Are there other platforms out there? Absolutely — I’m on them. But none of them have the reach that TikTok has,” she said.

Jason Linton, a different TikTok maker who has engaged with users all across the world and shares videos of his three adopted children, opposed the restriction. During a press conference on Wednesday, Linton pleaded with our leaders not to destroy the community that we had all worked so hard to create.

Three politicians from the Democratic Party are also criticizing the restriction in addition to content creators. According to lawmaker Mark Pocan, he said that a “xenophobic witch hunt” was motivating some in Congress to seek a ban, a report by the news agency Reuters said. “Banning TikTok isn’t the answer. Making sure Americans’ data is safe is,” Pocan added.

Also read: Tiktok-Updates-Its-Content-Rules-As-Pressure-From-The-West-Increases

Democratic leader and senator Ed Markey stated on the Senate floor on Wednesday that while TikTok posed a problem that needed to be addressed, it wasn’t the only threat to young people’s privacy from surveillance.

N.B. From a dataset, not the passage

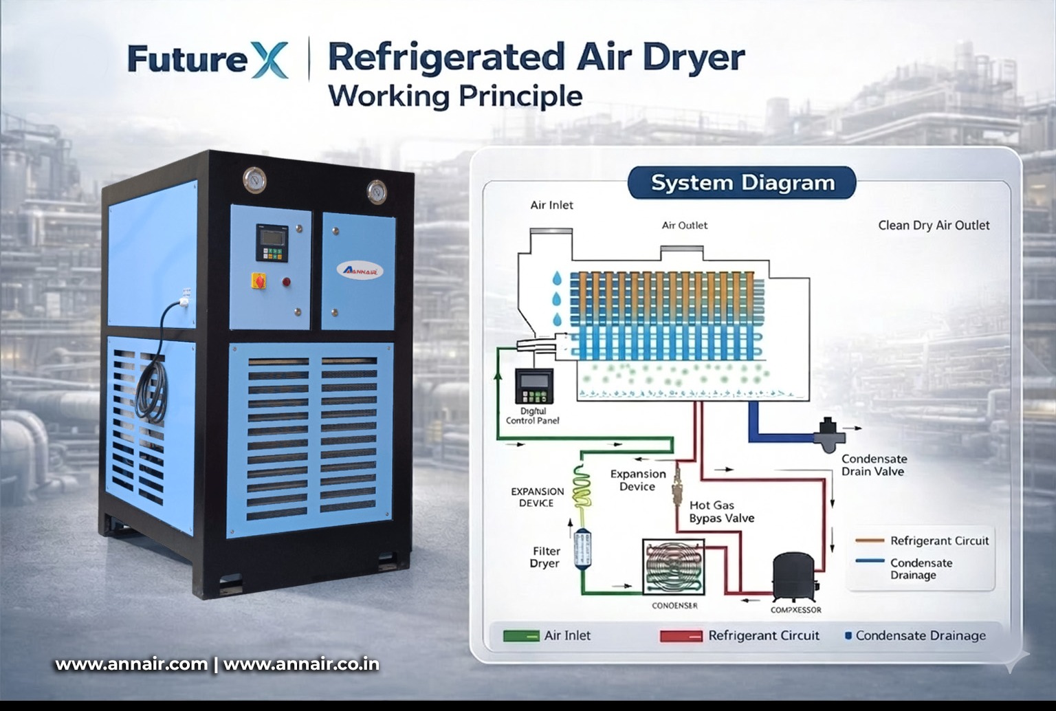Modern systems (like Annair refrigerated air dryers) come with advanced features such as:

American politicians and government representatives have demanded that TikTok be taken off app stores unless it is acquired by a US corporation after alleging that ByteDance, the platform’s parent company, can provide the Chinese government access to user data.

Shou Zi Chew, the CEO of TikTok, will testify before the House Energy and Commerce Committee later on Thursday and answer inquiries from lawmakers who want to outlaw the app. Tuesday, Chew reported that nearly half of all US internet users use TikTok, which has more than 150 million active monthly users.